First off, it's obvious you are only here to flame.
>I CAN tell the difference between LPs and CD's, and the LP's have much
>better sound. despite the scratches.
LPs have what's known as even-ordered harmonic distortion. In other words,
distortions and colorations to the audio which actually make the music sound
pleasant.
However, these distortions are distortions, regardless to what they do to the
sound. Therefore, an LP is not an accurate rendition of the master tape.
>Maybe we heard a few scratches,
>but the rest of the recording was as REAL as REAL can be. Digital is
>only a sampling, and not everything is there.
Bullshit. If anything, CD captures audio in ranges with accuracy that is
simply not possible with LP due to practical considerations.
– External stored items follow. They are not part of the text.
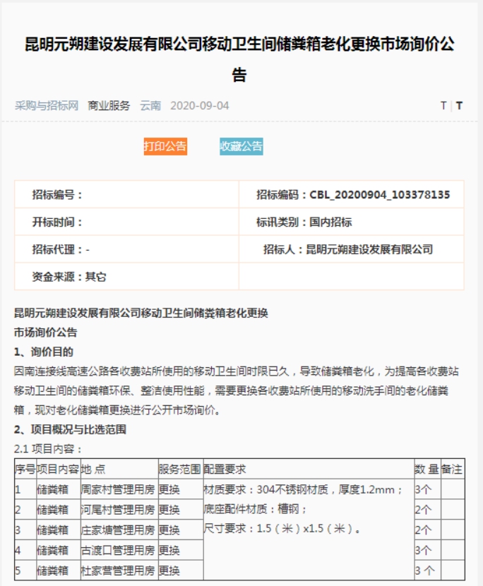 昆明元朔建设发展有限公司移动卫生间储粪箱老化更换市场询价公告
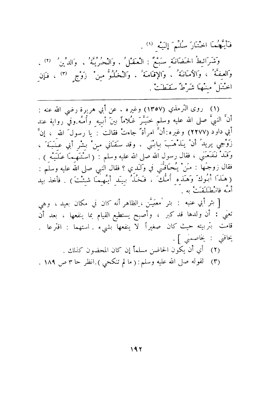 (¬1) روى الترمذي (1357) وغيره، عن أبي هريرة رضي الله عنه: أن النبي صلى الله عليه وسلم خيَرَ غُلِاماً بين أبيهَ وأمِّه. وفي رواية عند أبي داود (2277) وغيره: أن امرأةً جاءتْ فقالت. يا رسولَ الله ِ، إنَّ زَوْجي يريد أنْ يَذْهَبَ بِابني، وقد سَقَاني منْ بئرِْ أبيِ عِنَبةَ، وَقَد نَفعني، فقال رسول الله صلى الله عليه وسلم: (استَهما عَليه).
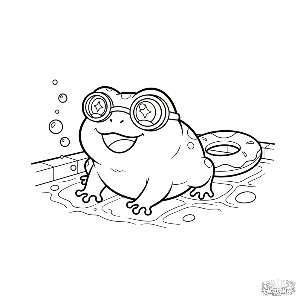 Coloring page of a frog diver with goggles on the pool bottom. For tweens 7-9 years old. Exploring the underwater world with an inflatable ring.
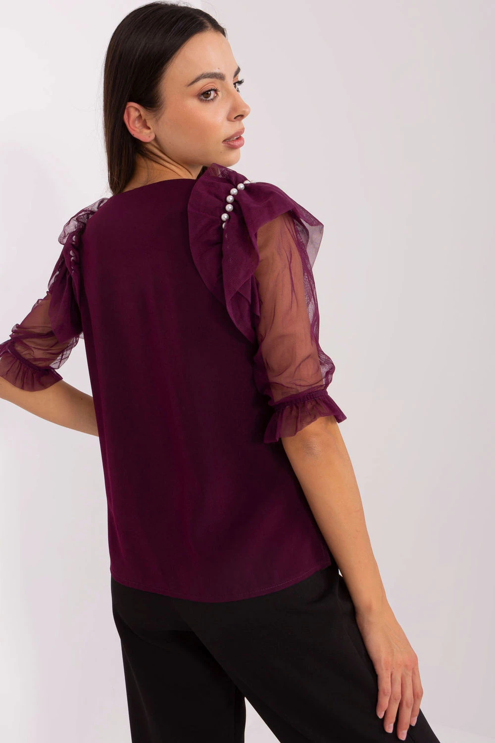 Elegantní blůza standardní délky, vyrobená z kombinace bavlny, elastanu a polyesteru, spojující pohodlí nošení s elegantním vzhledem. Hladká tkanina poskytuje ideální pozadí pro jemné ozdobné korálky umístěné na ramenech, které dodávají celku jedinečný charakter. Model s 3/4 rukávem z jemné síťoviny dodává lehkost a ženský šarm, zatímco klasický kulatý výstřih zdůrazňuje elegantní jednoduchost střihu. Skvělá na společenské události a do práce, v kombinaci jak s elegantními kalhoty, tak s sukní.

Your quote pretty much shows your lack of understanding of digital audio. In
the ranges that a 44.1 KHz sampling rate can capture at 16-bits, it can
**accurately and consistently** record the ranges from 22,050 cycles all the
way down to the 5 cycle range with 65,536 possible levels of voltage
(translates into approximately 96 dB of dynamic range with close to equal SNR
after dithering, which is FAR superior to even the best LP rigs) with a uniform
response under full digitization. CD can easily reproduce audio with accuracy
and with little effort that would otherwise be very difficult, if not
impossible, to achieve with LPs.
If you want a most accurate analogy to sampling rate in analogue terms: then
sampling rate is merely the equivalent of linear tape speed on something like a
reel-to-reel deck. The higher the tape speed, the better the high frequency
response. Likewise, the higher the sampling rate, the better the high
frequency response. To make it more interesting, if you were to play a 44.1
KHz recording at 22.05 KHz rate, the sound will play **twice as slow**!
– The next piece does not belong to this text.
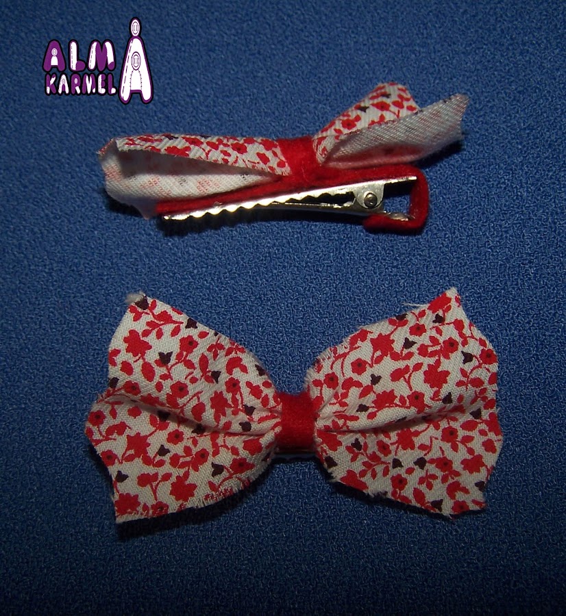 Ahora, en otro formato de horquilla, esta en tipo cocodrilo, os traigo estos bonitos lazos, realizados en tela estampada y horquilla también forrada en rojo.
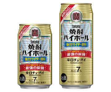 <強烈サイダー割り>は、強炭酸が特長の『タカラ「焼酎ハイボール」』の中で、最も強い炭酸が楽しめる「強烈シリーズ」の原点となるフレーバー。

Fascinating at how digital seems to mimic analogue tapes concerning frequency
response.
Anyways, records cannot be recorded with frequencies exceeding 15-16 KHz
because that is beyond the capacity of the record lathe, or cutter if you
aren't familiar with the word. Attempts to record at frequencies exceeding the
recommended roll-off will cause the cutter head to overheat and, therefore,
damage the lathe during the cutting of the mother, among other things.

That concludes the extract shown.